3 DOS DITOS E NÃO-DITOS SOBRE O CASO
3.2 Soltando a voz nas redes sociais
3.2.1 Dos usos e formatos
3.2.1.1 Das imagens
Estes conteúdos se dividem, quanto à composição, em dois tipos: no primeiro, agrupamos os cards de feitura publicitária; no segundo, reunimos os registros fotojornalísticos. Nivelamos o conteúdo presente nestes indicadores a partir dos caracteres do conteúdo e suas finalidades narrativas. Em card, estabelecemos as seguintes categorias: Tratamos por ‘Programação’ o chamado público para atividades realizadas nos espaços ocupados; ‘Notas’ exprimem posicionamentos políticos, tecem pontes de solidariedade e divulgam conquistas; ‘Campanha’ trata das ações de solicitação de apoio de doações para manutenção das ocupações; ‘Meme’ é voltado à comicidade sobre assuntos correlatos; ‘Explicativo’ reúne publicações voltadas a justificar a ação e denunciar o status estrutural das universidades; ‘Cartoon’ agrega a comunicação por meio de expressões visuais e, por fim; ‘Gestão’ orientada ao manejo do suporte, como troca de capas e outras fundamentações – registrada na figura 6.
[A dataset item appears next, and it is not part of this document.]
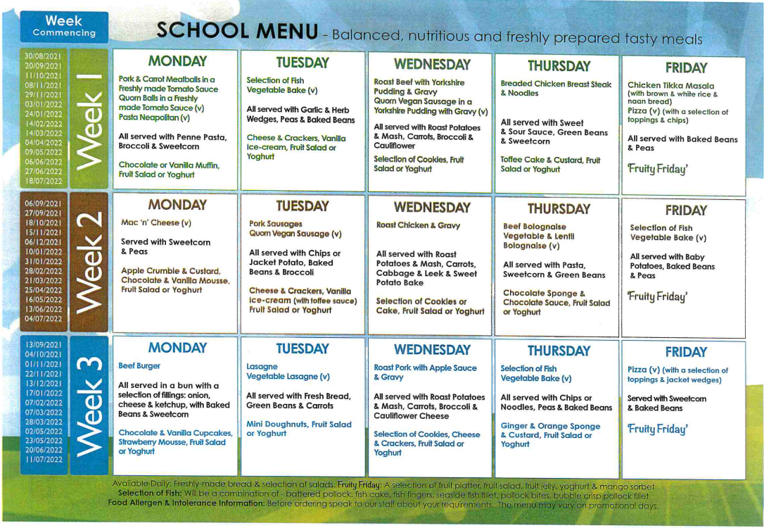 Meals are rotated on a 3 week schedule- all of which can ben seen below, there are also many theme meals across the school year to celebrate events such as world book day with recipes inspired by examples form his books and Chinese New Year.

68 Figura 5 – Categorias dos Cards
Fonte: Páginas no Facebook das ocupações (2018)
Quanto as fotografias, classificamos em: ‘Cotidiano’ as que conjugam narrativa de ação comum nas ocupações; ‘Ato de Rua’ para as fotografias de manifestações em vias públicas; ‘Natureza’ para registros contemplativos do espaço natural; ‘Histórica’ para o compartilhamento de registros remetentes a tempos passados; ‘Demarcação’ para registro de intervenções não-cotidianas, a exemplo de ações diretas; e, por fim, ‘Mobilização’ que reunia as imagens de espaços amplos e de participação geral, a exemplo de assembleias. Essas duas últimas categorias também se subdividem em Externa, dado que notamos a presença de publicações destas categorias, mas que não dizem respeito às unidades ocupadas.
69 Figura 6 – Categorias das Fotografias
Fonte: Páginas no Facebook das ocupações (2018)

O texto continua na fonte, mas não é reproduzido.